104 Fla. 315 | Fla. | 1932
In this case Fred Smith and wife in December, 1924, purchased a parcel of land from Metzler and wife and assumed as a part of the purchase price the payment of a $12,000.00 mortgage held by one Bryant and also made and executed to Metzler a second mortgage to secure the balance of the purchase price. The second mortgage contained, amongst other things, the following clause:
*316"It is expressly agreed by and between the parties hereto that this mortgage is a Second Mortgage, and is given subject to a First Mortgage of $12,000.00 in favor of George W. Bryant. It is further agreed; If, in the event a renewal is secured of the first mortgage of $12,000.00 that the same shall remain a First Mortgage against the premises above described and that the indebtedness herein secured shall be Second, and subject to the First Mortgage of $12,000.00, as though the present mortgage had not been renewed. Intending by the foregoing that a new mortgage for $12,000.00 may be taken as such renewal."
When the Bryant mortgage had been paid, probably in full but certainly down to $2,000.00, the Smiths, in April, 1928, and about a month after Metzler had begun foreclosure proceedings, made a deal with Bryant and one Minnie I. Smith whereby they made a new mortgage to Bryant for $12,000.00. Bryant endorsed the notes without recourse and delivered them to Minnie I. Smith, together with an assignment of the new mortgage, and Minnie I. Smith delivered to Fred Smith and wife cash and securities in the sum of $12,000.00, or probably in the sum of $12,000.00 less $2,000.00. There is evidence to sustain either proposition in the record and the Chancellor evidently found the former proposition to have been established.
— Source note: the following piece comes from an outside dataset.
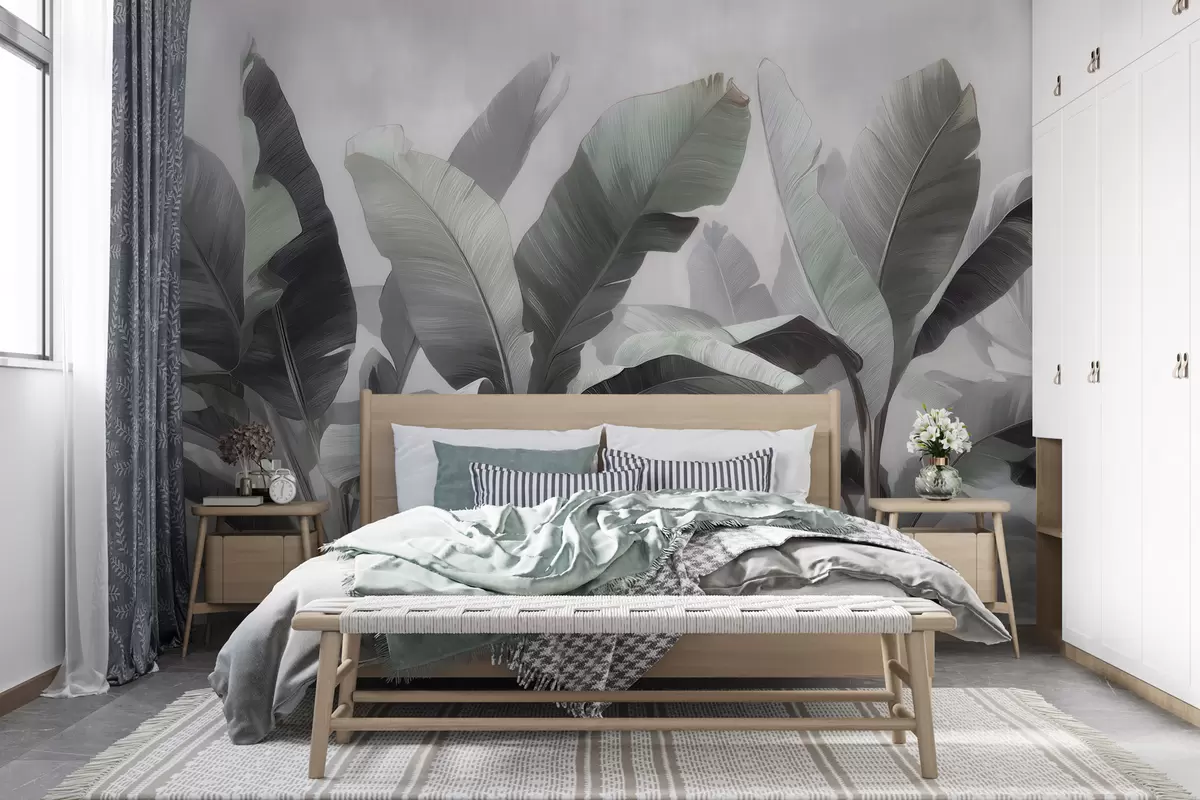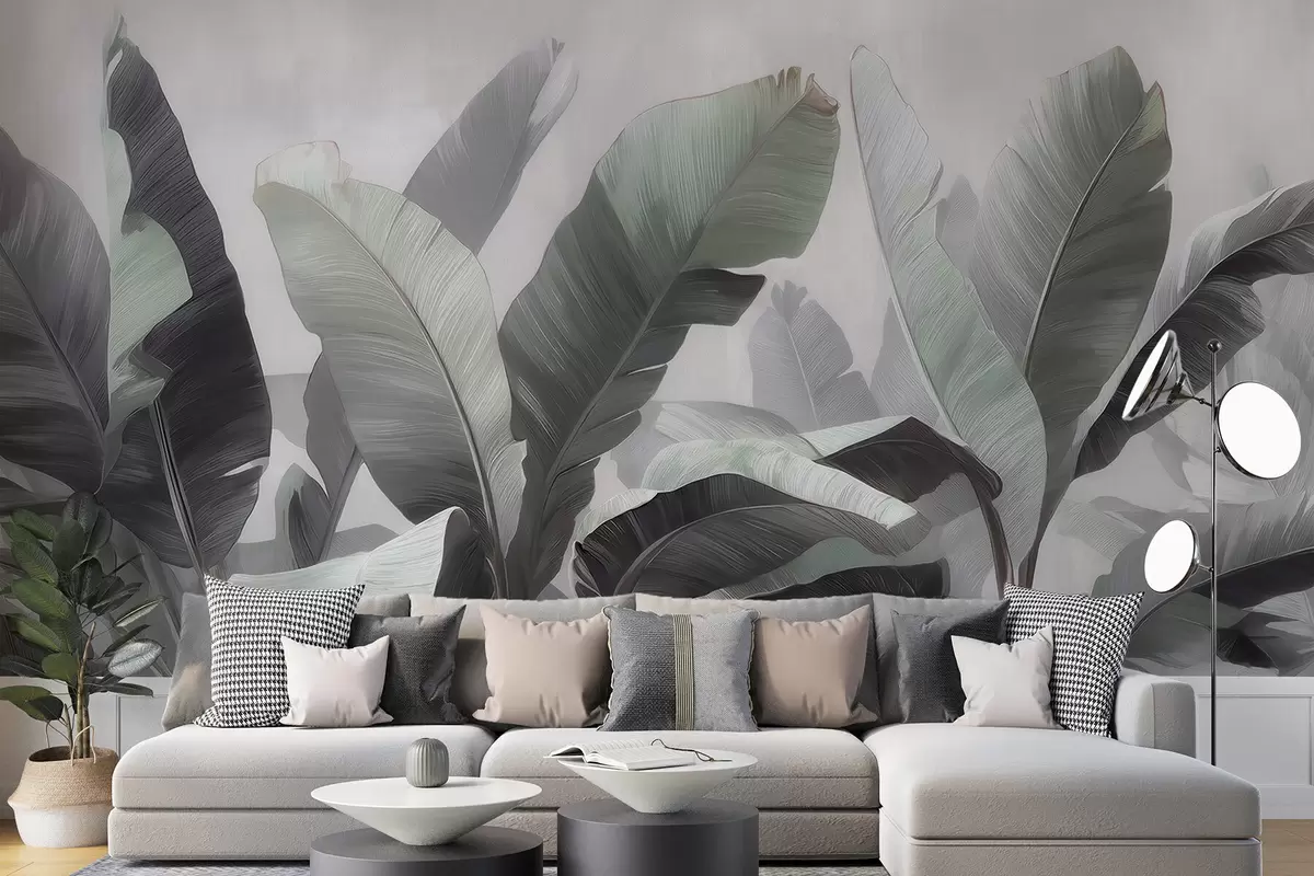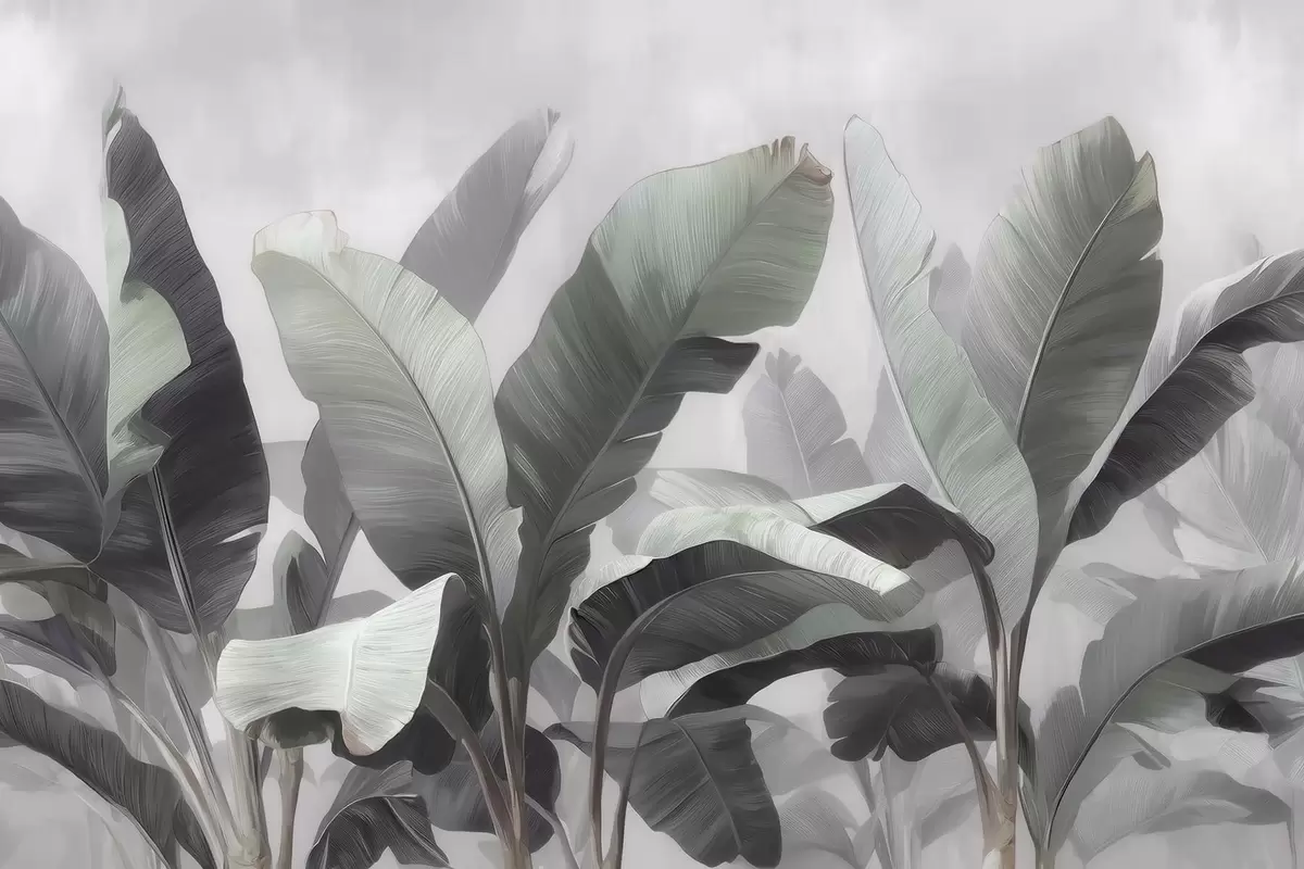 Fototapeter Abstrakte, store bananblader i en nøytral fargepalett med myke grågrønne nyanser Nr. w09805

The Metzlers filed suit to foreclose their second mortgage and, by amendment, included as defendants all necessary parties and the parties now before this Court. Fred Smith and wife filed answer, as did also Minnie I. Smith. (It appears that Minnie I. Smith is not related to Fred Smith and wife).
Replication was filed to the answers.
The issues presented were whether or not the last mortgage made by the Smiths to Bryant and immediately transferred by him to Minnie I. Smith was a renewal of the original Bryant mortgage as contemplated by the provisions above quoted contained in the mortgage from Fred Smith and wife to the Metzlers and was, therefore, prior in dignity to the Metzler mortgage. The Chancellor held that it was not. The evidence shows conclusively that the mortgage executed by Fred Smith and wife to Bryant was for the purpose of procuring from Minnie I. Smith money and securities in the sum of $12,000.00, though it may be that $2,000.00 of it was to go, and did go, to Bryant to pay off the first mortgage. However, at any rate, the new mortgage was made for a new and entirely different consideration and there flowed to the *317 Smiths not only the satisfaction of the original mortgage but a large sum of money and valuable securities in addition thereto. It could in no sense be held to be a renewal of the original obligation.
It may be under the facts of the case that Minnie I. Smith could have established her right to subrogation to the lien of the original Bryant mortgage to the extent of $2,000.00 but certainly she could have done no more than that and this she did not attempt to do.
A careful perusal of the record discloses no reversible error. Therefore, the decree should be affirmed and it is so ordered.
Affirmed.
BUFORD, C.J., AND ELLIS AND BROWN, J.J., concur.
WHITFIELD, P.J., AND TERRELL AND DAVIS, J.J., concur in the opinion and judgment.